Exciton–polariton light-emitting diode based on a single ZnO superlattice microwire heterojunction with performance enhanced by Rh nanostructures
Abstract
One-dimensional (1D) wirelike superlattice micro/nanostructures have received considerable attention for potential applications due to their versatility and capability for modulating optical and electrical characteristics. In this study, 1D superlattice microwires (MWs), which are made of undoped ZnO and Ga-doped ZnO with periodic and alternating crystalline layers (ZnO/ZnO:Ga), were synthesized individually.

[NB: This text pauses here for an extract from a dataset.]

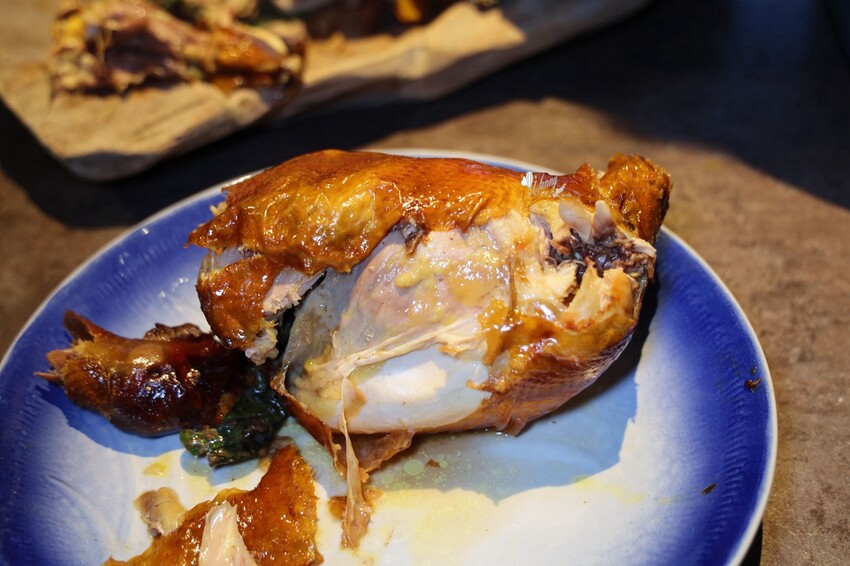 甚至本來放在雞隻裡頭的大蒜、刺蔥等也都拿出來了!裹附了滿滿胡椒,蒜頭已經不嗆辣,口感綿密。就連刺蔥也是非常地美味!

Under optical excitation, a series of resonance peaks in the photoluminescence spectrum can be ascribed to polariton emission, which originates from the coupling interaction of the 1D photonic crystal and confined excitons along the wire direction. Using a p-type GaN layer as the hole transport layer, a kind of waveguide light source based on an individual ZnO/ZnO:Ga superlattice MW was proposed and constructed. By analysing the spatially resolved electroluminescence spectra, the observed multipeak was ascribed to exciton–polariton emission with a vacuum Rabi splitting of about 275 meV. Cladding with Rh nanostructures gives rise to appropriate ultraviolet plasmons, and the Rabi splitting energy of our device was enhanced up to 413 meV. The exciton–polariton properties were further examined using angle-resolved electroluminescence measurements. Therefore, individual superlattice MWs can act as optical microresonators to achieve photon–exciton coupling with a large Rabi splitting energy. The experimental results indicate that an individual ZnO/ZnO:Ga superlattice MW can be generally used in developing exciton–polariton luminescence/lasing light sources, particularly for constructing low-threshold/thresholdless lasers toward pragmatic applications.